- _Collected data entries_:
# # #

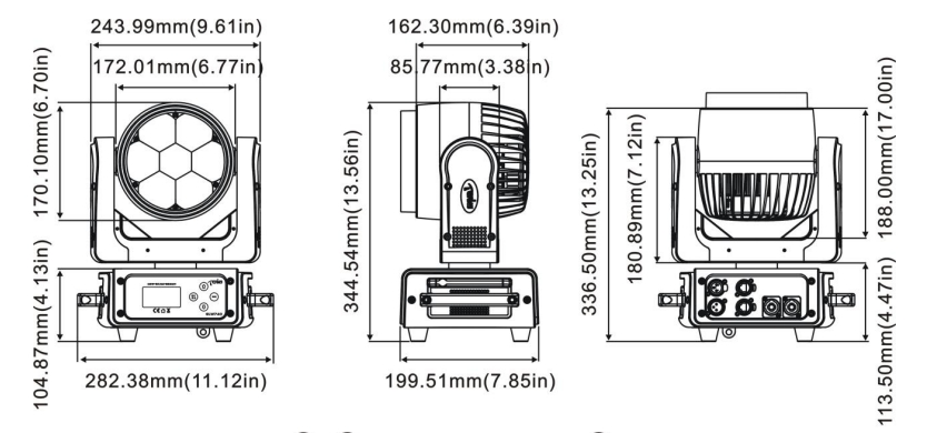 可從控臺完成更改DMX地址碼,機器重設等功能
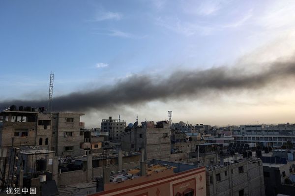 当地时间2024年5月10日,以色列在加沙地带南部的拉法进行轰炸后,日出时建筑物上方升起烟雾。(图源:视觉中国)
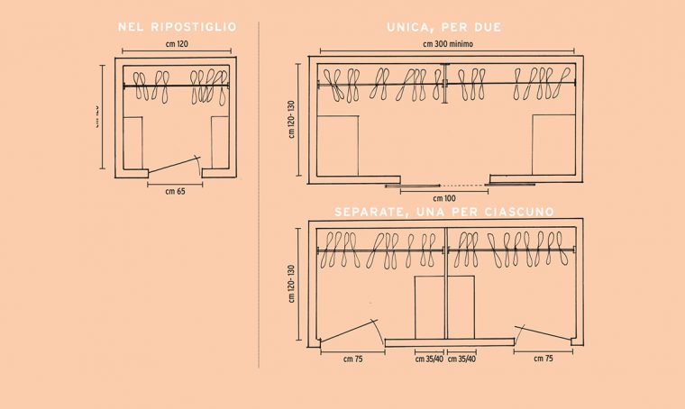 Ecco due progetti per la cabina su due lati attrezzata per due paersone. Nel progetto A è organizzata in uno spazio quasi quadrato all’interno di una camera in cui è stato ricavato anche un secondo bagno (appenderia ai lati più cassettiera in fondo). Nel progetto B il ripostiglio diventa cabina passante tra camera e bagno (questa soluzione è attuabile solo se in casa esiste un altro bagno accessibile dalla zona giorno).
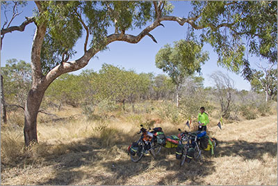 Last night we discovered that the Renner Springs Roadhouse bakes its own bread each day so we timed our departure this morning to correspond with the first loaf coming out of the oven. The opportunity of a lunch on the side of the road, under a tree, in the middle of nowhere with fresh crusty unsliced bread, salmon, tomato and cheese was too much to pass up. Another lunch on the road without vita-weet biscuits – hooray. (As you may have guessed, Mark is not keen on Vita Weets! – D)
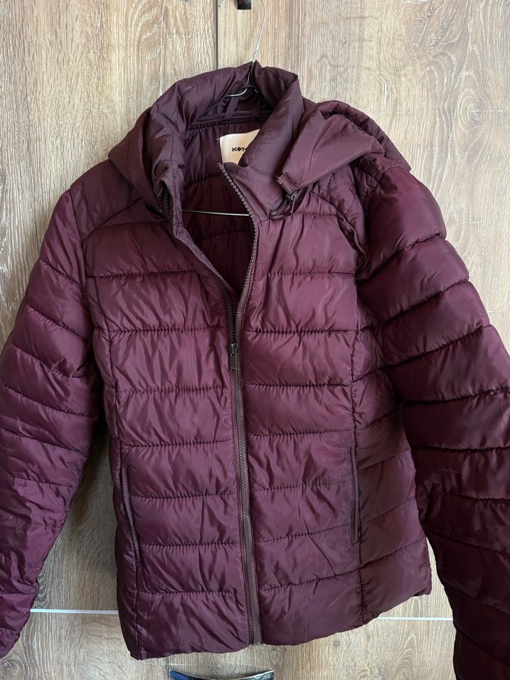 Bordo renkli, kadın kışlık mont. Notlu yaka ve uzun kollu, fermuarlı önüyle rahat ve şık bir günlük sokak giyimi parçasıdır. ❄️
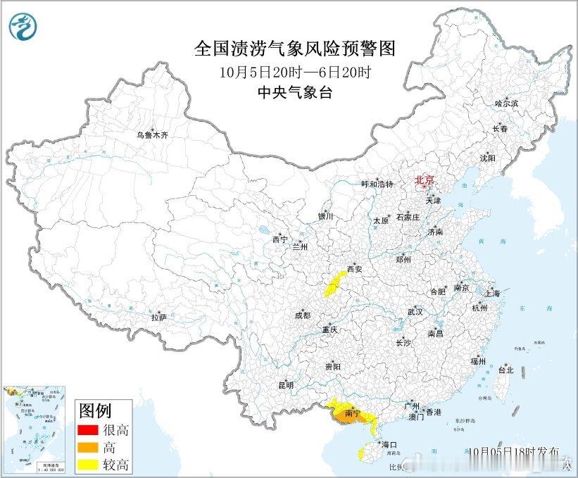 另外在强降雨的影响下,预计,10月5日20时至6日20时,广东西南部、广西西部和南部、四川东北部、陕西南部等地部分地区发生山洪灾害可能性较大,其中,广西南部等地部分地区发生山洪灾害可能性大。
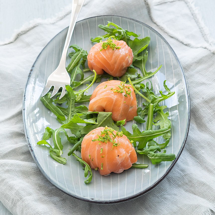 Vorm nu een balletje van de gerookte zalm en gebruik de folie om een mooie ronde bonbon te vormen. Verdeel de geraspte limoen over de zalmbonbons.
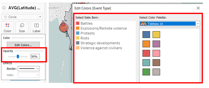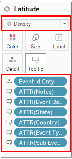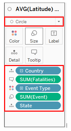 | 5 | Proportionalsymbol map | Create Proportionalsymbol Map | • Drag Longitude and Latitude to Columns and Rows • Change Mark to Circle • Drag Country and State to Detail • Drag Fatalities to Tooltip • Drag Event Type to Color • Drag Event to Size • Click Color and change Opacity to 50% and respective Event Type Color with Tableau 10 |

# # #

- _Problem statement_: Set down every entry above exactly as written, but skip the pictures.

- _Task solution_:
 可從控臺完成更改DMX地址碼,機器重設等功能
 当地时间2024年5月10日,以色列在加沙地带南部的拉法进行轰炸后,日出时建筑物上方升起烟雾。(图源:视觉中国)
 Ecco due progetti per la cabina su due lati attrezzata per due paersone. Nel progetto A è organizzata in uno spazio quasi quadrato all’interno di una camera in cui è stato ricavato anche un secondo bagno (appenderia ai lati più cassettiera in fondo). Nel progetto B il ripostiglio diventa cabina passante tra camera e bagno (questa soluzione è attuabile solo se in casa esiste un altro bagno accessibile dalla zona giorno).
 Last night we discovered that the Renner Springs Roadhouse bakes its own bread each day so we timed our departure this morning to correspond with the first loaf coming out of the oven. The opportunity of a lunch on the side of the road, under a tree, in the middle of nowhere with fresh crusty unsliced bread, salmon, tomato and cheese was too much to pass up. Another lunch on the road without vita-weet biscuits – hooray. (As you may have guessed, Mark is not keen on Vita Weets! – D)
 Bordo renkli, kadın kışlık mont. Notlu yaka ve uzun kollu, fermuarlı önüyle rahat ve şık bir günlük sokak giyimi parçasıdır. ❄️
 另外在强降雨的影响下,预计,10月5日20时至6日20时,广东西南部、广西西部和南部、四川东北部、陕西南部等地部分地区发生山洪灾害可能性较大,其中,广西南部等地部分地区发生山洪灾害可能性大。
 Vorm nu een balletje van de gerookte zalm en gebruik de folie om een mooie ronde bonbon te vormen. Verdeel de geraspte limoen over de zalmbonbons.
 | 5 | Proportionalsymbol map | Create Proportionalsymbol Map | • Drag Longitude and Latitude to Columns and Rows • Change Mark to Circle • Drag Country and State to Detail • Drag Fatalities to Tooltip • Drag Event Type to Color • Drag Event to Size • Click Color and change Opacity to 50% and respective Event Type Color with Tableau 10 |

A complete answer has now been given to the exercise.